Für den Fall, dass es zu einer größeren Eskalation kommt – bspw. wenn Israels rechte Regierung beschließt, »Präventivschläge« im Libanon oder dem Iran durchzuführen – ist der westliche Aufmarsch im Roten Meer dann mitten im Geschehen. Die Gefahr steigt, dass die Kriegsschiffe – gewollt oder ungewollt – in Kampfhandlungen größeren Ausmaßes verwickelt werden.
Das Rote Meer ist der Nabel imperialer Großmachtinteressen. Um die Welt von Deutschlands »Kriegstüchtigkeit« zu überzeugen, betreibt die Bundesregierung mit der geplanten Entsendung von Kriegsschiffen in eben diese Region ein gefährliches Spiel mit dem Feuer.
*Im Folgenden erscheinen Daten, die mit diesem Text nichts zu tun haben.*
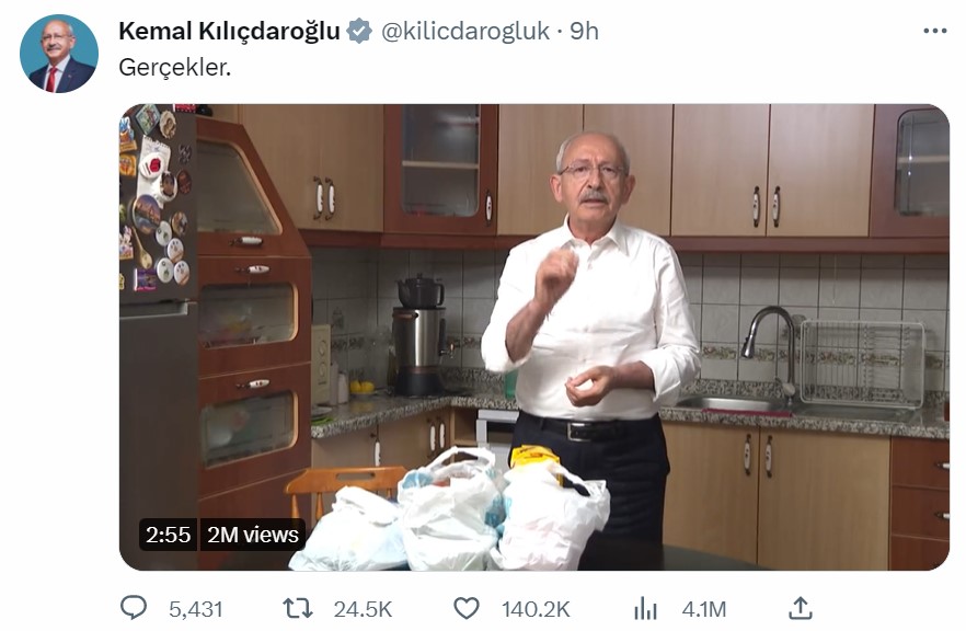 Cumhurbaşkanı adayı Kılıçdaroğlu, sosyal medyadan paylaştığı videoda, "Önümüzdeki ay ilk çözmemiz gereken mesele sofranıza koyacağınız yemektir.” dedi. Millet İttifakı Cumhurbaşkanı adayı ve CHP Genel Başkanı Kemal Kılıçdaroğlu, Twitter hesabından “Gerçekler” notuyla bir video paylaştı. Kılıçdaroğlu mutfağından çektiği videoda, marketten aldığı temel gıda ürünlerinin geçen yılki fiyatlarıyla bu yılki fiyatlarını karşılaştırdı. Hayat pahalılığını gıda ürünlerinde yaşanan fiyat değişimiyle anlatan Kılıçdaroğlu, şunları söyledi: “Önümüzdeki ay ilk çözmemiz gereken mesele sofranıza koyacağınız yemektir. Çocuklarınızın ihtiyaçlarını karşılamaktır. Peki siz bu radikallerden oluşan koalisyonun bu meseleleri umursadığını hiç gördünüz mü? Mutfağınızda kıyamet kopuyor, marketler, pazarlar yangın yeri. Fakirin payına ise cehennem düştü. Saraylılar aylardır size laf salatası yapıyorlar. İki yakanızı bir araya getirmeye, her çalıştığınızda Erdoğan gelip gömleğinizin yakasından bir düğmeyi daha koparıyor. ‘Bunu neden yaptın?’ sorusunu sorduğunuzda da yanıt vermek yerine size hamaset satıyor. Ordunun gemisini sergiliyor, sorumsuzluk bu. “Sadece soğan ya da et değil. Her şey pahalı” Bakın, sadece soğan ya da et değil. Her şey pahalı. Artık tasarruf edecek yer kalmadı. Biz göreve gelir gelmez ilk iş önce tarladaki, sonra mutfaktaki yangını söndüreceğiz. Bakın, çok sık alışveriş yaptığınız indirim marketten insanımızın en çok aldığı gıda ürünlerini aldım. Size bir sene önceki fiyatını ve bu sabahki fiyatını söyleyeceğim. 1 kilo pirinç aldık. Geçen sene 18 lira, bugün 39 lira. 1 kilo pirinç. 4 kişilik aileye kaç öğün gider biliyor musunuz? Tabii siz biliyorsunuz da saraydakiler gerçek insanların nasıl yaşadığını bilmezler. 1 kilo kuru fasulye var burada. Geçen sene 17 lira, bugün 36 lira vermişiz. Toz şeker. Geçen sene 20 liraya alabildiğimiz şeker bugün tam 47 lira. 1 litre süt. Geçen sene 14, bugün 27 lira. “Beyaz peynir geçen sene 28 lira, bugün 75 lira” 750 gram yoğurt. Geçen sene 12 lira, biz bugün bu yoğurda 28 lira para verdik. 1 kilo çay. Geçen sene 41 liraya alıyorduk. Biz bugün bu çaya 76 lira 50 kuruş ödedik. 1 kilo domates aldık. Geçen sene 12 lira, bugün bu domatese tam 20 lira para ödedik. 400 gram kuşbaşı aldık. Geçen sene 55 liraydı, bugün 92 lira. Bir kalıp beyaz peynir de aldık. Geçen sene 28 lira, bugün bunun fiyatı 75 lira. 1 kavanoz salça. Geçen sene 21 lira, bugün 36 lira. Sevgili halkım. Biz gelmek zorundayız ki süt bu senenin sonuna kadar 50 lira olmasın. Biz gelmek zorundayız ki bir kalıp peynir bu sene sonuna kadar 125 lira olmasın. 1 kilo çay 110 lira olmasın. Kalın sağlıcakla.” Kaynak: Kemal Kılıçdaroğlu - Twitter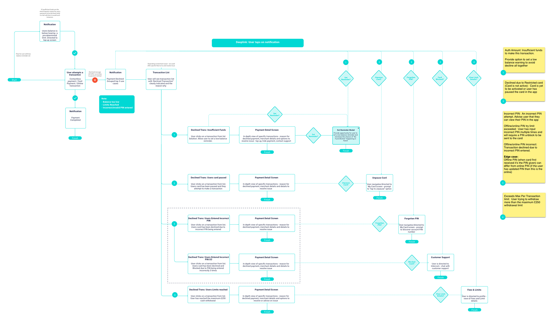 Our users were often in a position where they’d have transactions declined. This could be for any number of reasons but we didn’t have the functionality to inform the user, letting them know why the transaction was declined and secondly, a means on how best to correct this. The result was Customer Ops getting inundated with decline related queries so the key metric with this feature was reducing the amount of queries reaching Customer Ops.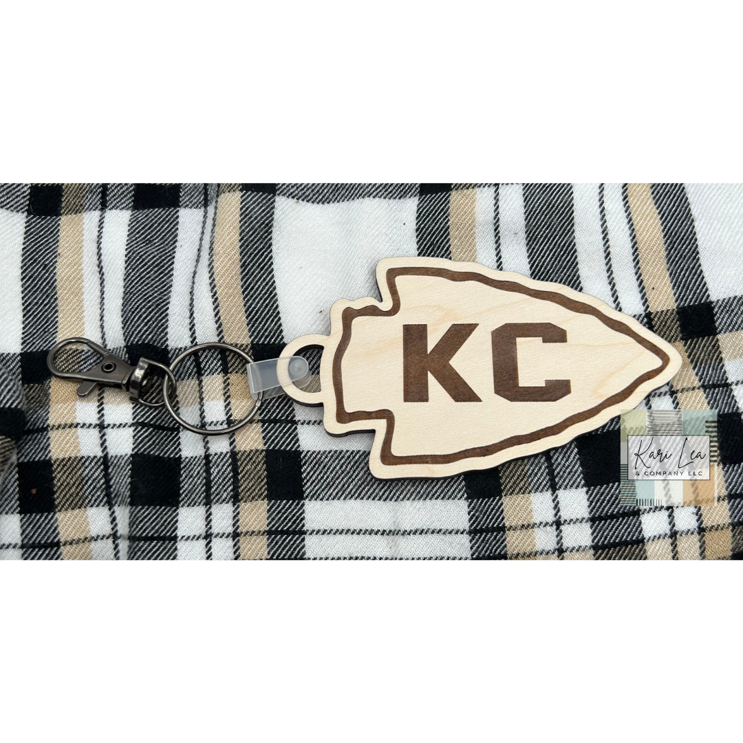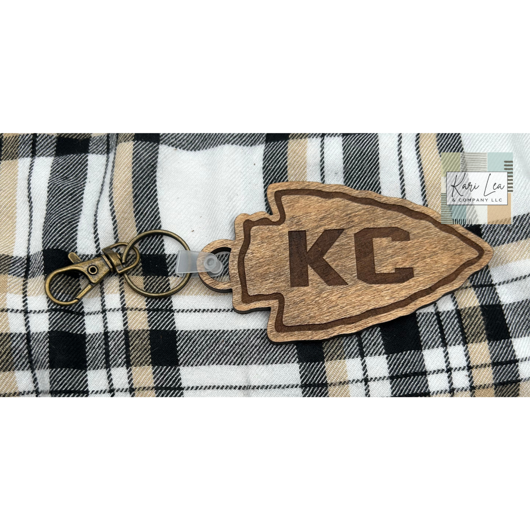 KC Arrowhead Wood Keychain.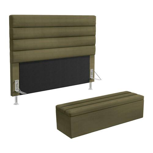 O Kit Cabeceira Atlas foi inspirada para você, ela possui um design clássico, perfeita para seu espaço, possui também detalhes modernos na horizontal e um ótimo acabamento, tudo isso com ótimo custo benefício. Possui dois pés de 12 cm e fixação via frames para a sustentação do box, não sendo necessário furar a sua cama, apenas encaixa-la nos suportes da cabeceira. Junto com a Calçadeira Ursa que possui uma ótima capacidade de armazenamento interno, podendo armazenar cobertores, almofadas, entre outros. Adquira já! Dimensões da CabeceiraLargura: 140 cmAltura: 127 cmProfundidade: 10 cmPeso: 15 KgDimensões da CalçadeiraLargura: 140 cmAltura: 45 cmProfundidade: 46 cmPeso: 15 KgDimensões do Produto embaladoVolume 1Largura: 142 cmAltura: 129 cmProfundidade: 12 cmPeso: 17 kgVolume 2Largura: 142 cmAltura: 47 cmProfundidade: 48 cmPeso: 17 kgCaracterísticas do Produto:Madeira de eucalipto proveniente de reflorestamentoFixação com grampos galvanizadosEspuma Poliuretano D20Revestimento: VeludoCor: CapuccinoTamanho: Casal Padrão para cama box de 138 cmPossui pés: SimTipo de pés: 2 pés PVC de 12 cm e 4 sapatasEmbalagem: plástico bolha, papelão ondulado, malha, plásticoFixação diretamente no box através de framesGarantia de 3 meses contra defeitos de fábrica.Diferenciais: - Madeira de alta qualidade- Design moderno- Material resistente- Ótimo acabamento- Estrutura reforçadaSistema de Montagem: O produto é enviado montado, sendo necessário apenas a fixação dos frames e pés.Manual de Montagem: SimVolume: 2 VolumesMontagem: Recomendamos que seja feita por um profissionalRecomendação de Limpeza: Utilize pano levemente úmidoObservações importantes- Produto para uso residencial em ambiente interno, não devendo ficar exposto diretamente ao sol, calor e umidades excessivas.- Pode haver alguma diferença de tonalidade entre a imagem e o produto real, por conta do tratamento de imagens e a calibração de cores do seu monitor.- As imagens são meramente ilustrativas, não acompanham objetos de decoração e eletrônicos.

Erinnerungen an die zweite Marokkokrise am Vorabend des Ersten Weltkriegs werden wach, als das deutsche Kaiserreich in einer waghalsigen Entsendung eines Kriegsschiffs vor der Küste Marokkos in französisches Einflussgebiet eindrang, um Frankreich Kolonien in Westafrika abzutrotzen. Das Manöver wurde mit deutschen Handelsinteressen in Marokko begründet. Als Reaktion gegen die drohende Weltkriegsgefahr gingen am 3.September 1911 200000 Arbeiterinnen und Arbeiter im Berliner Treptower Park auf die Straße. Das Kaiserreich musste vorerst vorsichtiger agieren.
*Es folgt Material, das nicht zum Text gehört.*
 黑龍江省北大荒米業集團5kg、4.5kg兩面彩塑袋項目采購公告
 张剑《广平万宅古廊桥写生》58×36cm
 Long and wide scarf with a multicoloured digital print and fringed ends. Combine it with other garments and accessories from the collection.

Der Schlüssel zur Deeskalation liegt in Tel Aviv. Je länger die Flächenbombardements auf Wohnviertel im Gazastreifen andauern, je mehr Menschen sterben, desto höher die Wahrscheinlichkeit eines Flächenbrands im Nahen Osten.
Statt Israel mittels Diplomatie und der Einstellung von Waffen- und Munitionslieferungen zu einem Waffenstillstand zu bewegen, wie es 153 Staaten in der UN-Vollversammlung fordern, geht die Bundesregierung mit der Entsendung von Kriegsschiffen einen anderen Weg. Das Pulverfass im Nahen Osten bekäme damit eine weitere Zündschnur. Es ist die Aufgabe der gesellschaftlichen Linken und der Antikriegsbewegung, die Ampelregierung an ihrem Vorhaben zu hindern.

Der Autor ist aktiv in der LINKEN und in der Antikriegsbewegung in Düsseldorf.